We have updates from all three of the authors I have been excerpting during the year. Here is a factoid from Shirer.
By the end of 1938 the Hitler Youth numbered 7,728,259.
William L. Shirer, The Rise and Fall of the Third Reich, p. 254
Then this interesting bit from Tuchman.
On the last day of 1938 [Joe Stilwell] left Chungking by air for Kunming in Yunnan, now the main air base of Free China and the starting point of the Burma Road. At the Hotel du Lac he spent the evening in dinner and long talk with [Claire] Chennault with no foreshadowing of the conflict between them that was to come.
Barbara W. Tuchman, Stilwell and the American Experience in China, 1911-45, p. 198
So in December Stilwell spent his first quality time with Chiang Kai-shek and Claire Chennault, who will provide him with numerous headaches over the next seven years.
Finally, here is Churchill on the progress of one of the most important technological developments of the time.
By March 1936 [radar] stations were being erected and equipped along the south coast, and it was hoped to carry out experimental exercises in the autumn. During the summer there were considerable delays in construction, and the problem of hostile jamming appeared. In July 1937 plans were brought forward by the Air Ministry, and approved by the Air Defence Research Committee, to create a chain of twenty stations from the Isle of Wight to the Tees by the end of 1939 at the cost of over a million pounds. Experiments were now tried for finding hostile aircraft after they had come inland. By the end of the year we could track them up to a distance of thirty-five miles at ten thousand feet. Progress was also being made about ships. It had been proved possible to fix vessels from the air at a range of nine miles. Two ships of the Home Fleet were already equipped with apparatus for aircraft detection, and experiments were taking place for range-finding on aircraft, for fire control of anti-aircraft guns, and for the direction of searchlights. Work proceeded. By December 1938 fourteen of the twenty new stations planned were operating with temporary equipment. Location of ships from the air was now possible at thirty miles.
Winston S. Churchill, The Gathering Storm
The Kriegsmarine was the least prepared branch of the German armed forces at the outbreak of the war. It was on rebuilding program that was to make it ready for war by 1945 but Hitler could not wait that long.

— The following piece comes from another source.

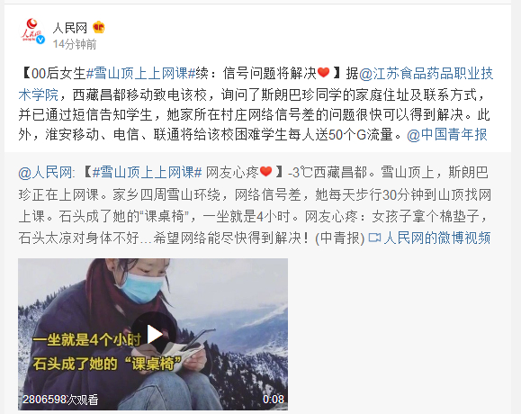 据@江苏食品药品职业技术学院,西藏昌都移动致电该校,询问了斯朗巴珍同学的家庭住址及联系方式,并已通过短信告知学生,她家所在村庄网络信号差的问题很快可以得到解决。此外,淮安移动、电信、联通将给该校困难学生每人送50个G流量。

Once again, we have Hitler’s incompetence as a military commander to thank for the eventual Allied victory over Germany. At the outbreak of WWII, Hitler would only allow 5 U-Boats to be sent to the U.S. east coast. These 5 boats wreaked havoc up and down the coast and caused a staggering amount of damage to U.S. shipping.
During the war Hitler insisted that a significant number of U-boats be used to monitor weather in the North Atlantic, and many of the larger U-boats were assigned to the Mediterrean, where they were ill suited to operate in the relatively shallow waters. If Hitler had allowed the military to concentrate most of the available U-boats in the N. Atlantic between Britain and the U.S. early in the war, the outcome would have almost certainly been different. Even so, it was a very close call.
Operation Drumbeat (by Gannon)is a very good account of German submarine warfare off the U.S. coast. The book is very readable, hard to put down in fact. Well worth a buy.